Arthur Edward Fagg (18 June 1915 – 13 September 1977) was an English cricketer who played for Kent County Cricket Club and the English cricket team, and became an umpire after retiring as a player.

A right-handed opening batsman who first played for Kent at the age of 17, Fagg was a Test match player at 21 against India in 1936. He caught rheumatic fever on the tour of Australia the following winter, and missed the whole of the 1937 season.

There was strong evidence that Fagg was back to his best form in 1938. He set a first-class world record playing for Kent against Essex at Colchester, scoring 244 in the first innings and an undefeated 202 in the second innings in a drawn match, becoming the first batsman in first-class cricket history to score double centuries in both innings of a match. This feat was not equalled until 2019, when it was achieved in Sri Lankan domestic cricket by Angelo Perera. The 1938 season was a year of record-breaking, and the young Leonard Hutton cemented his place as England's first choice opener with his 364 against the Australians at The Oval.

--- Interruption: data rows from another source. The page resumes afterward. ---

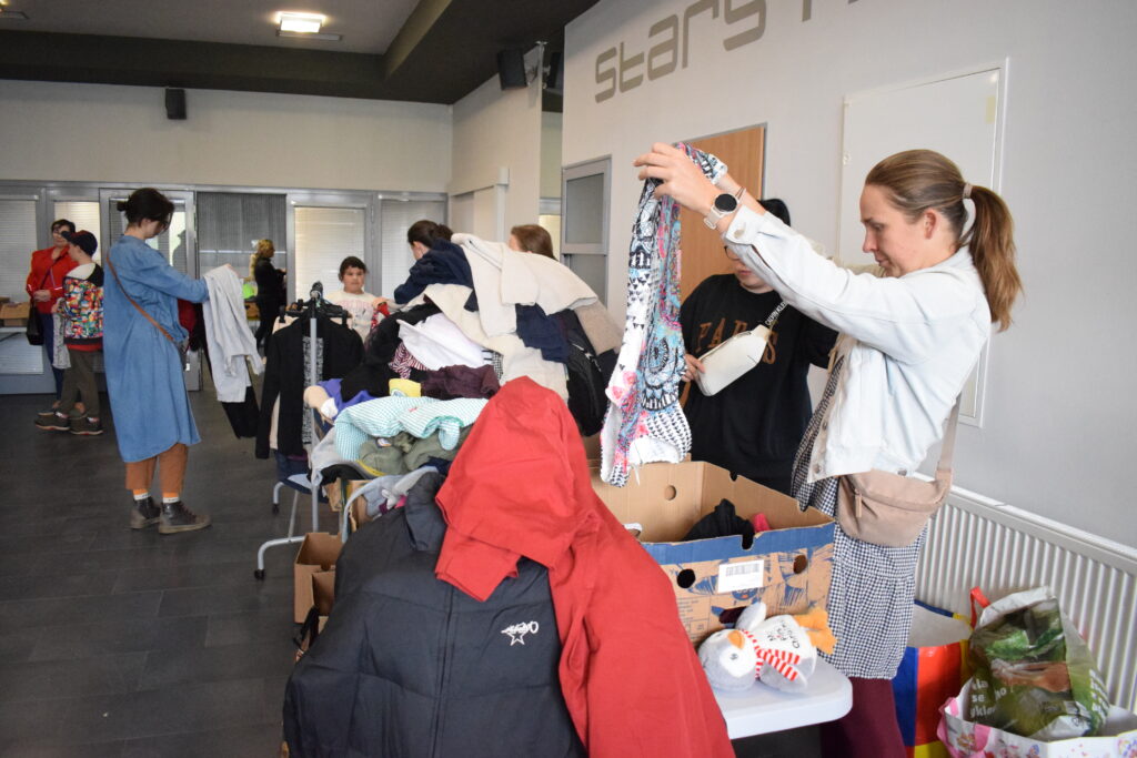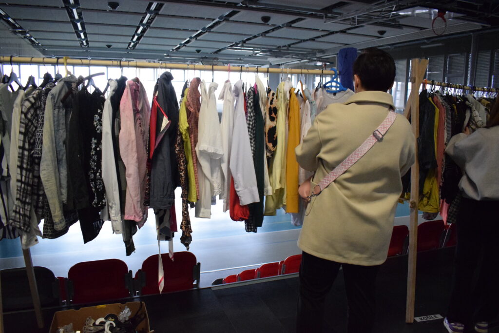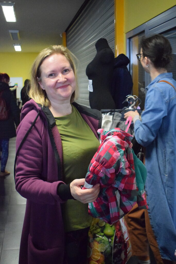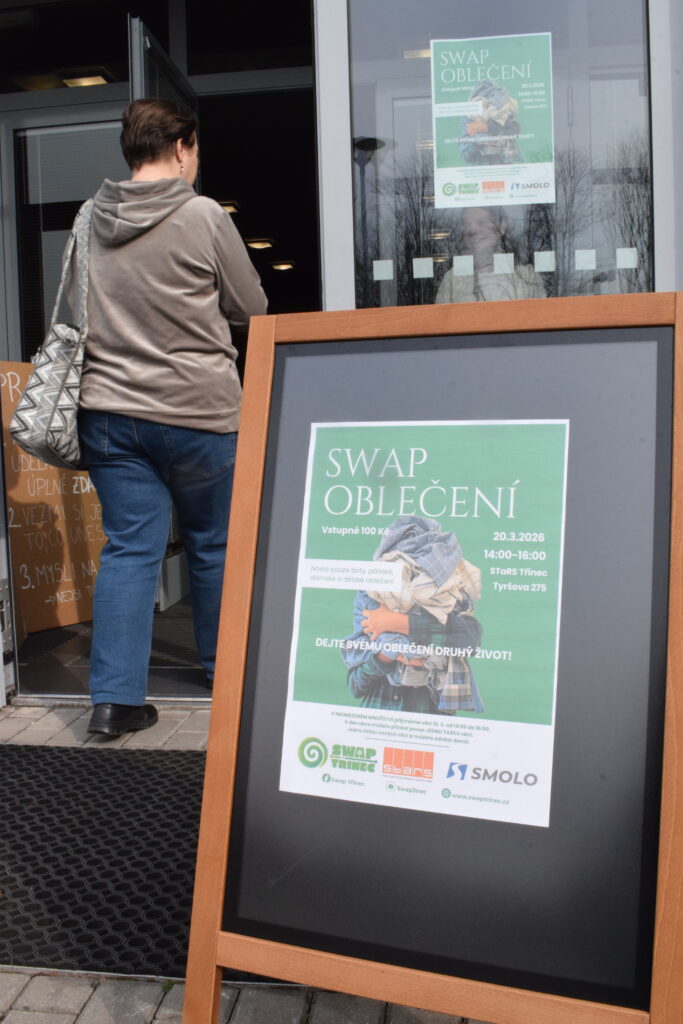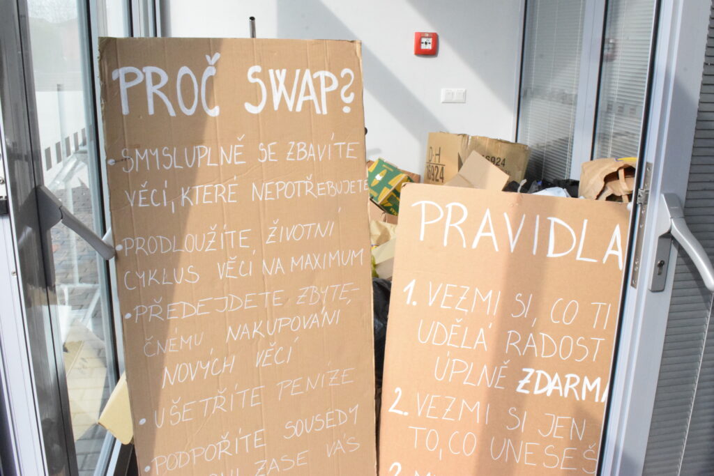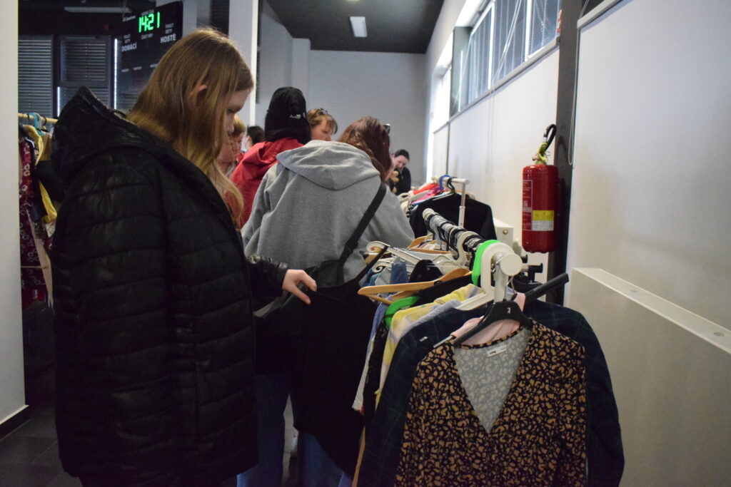 Tentokrát jsme zkusily trochu jiná pravidla a omezily jsme odnesené věci na jednu tašku, aby měl šanci vybrat si i ten, kdo přijde později, a aby první hodinu nezmizelo všechno, co má zip, knoflíky a ještě drží tvar.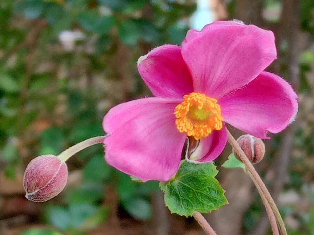 少し小さ目の秋明菊がやっと蕾から目覚めました💞
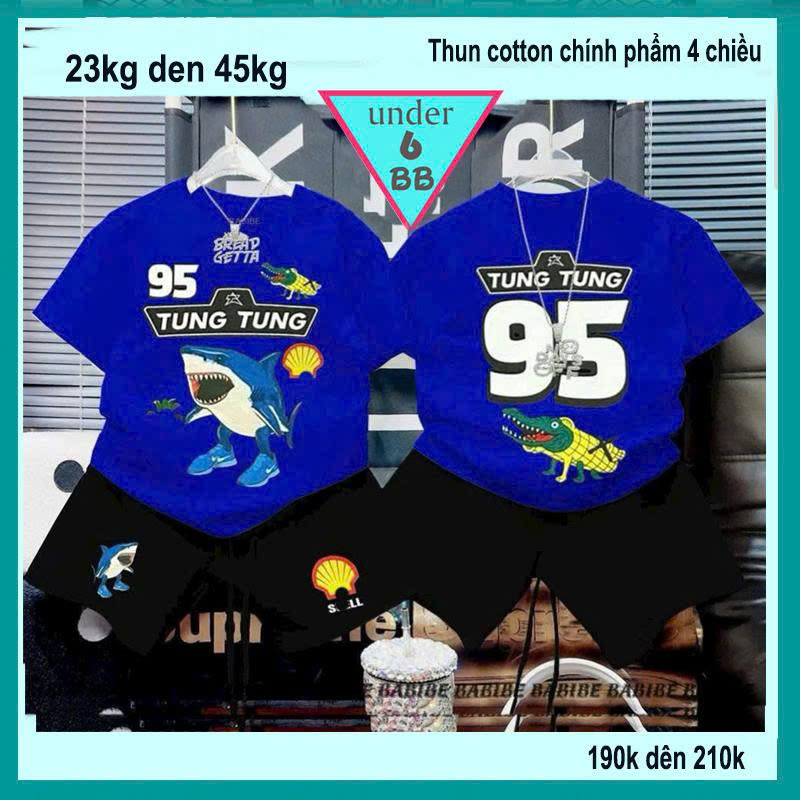 Set đồ bộ bé trai hoạt hình in hình Cá Mập Tralalelo Tralala siêu hottrend cho bé diện đi học , đi chơi

Fagg played only one more Test, though he remained a consistent scorer in county cricket until the mid-1950s. In all, he scored 58 centuries and more than 25,000 runs.

After retirement, he became a cricket umpire, officiating in eighteen Test matches and seven One Day Internationals. In an incident at Edgbaston in 1973, he refused to take the field after the West Indies team disputed one of his decisions.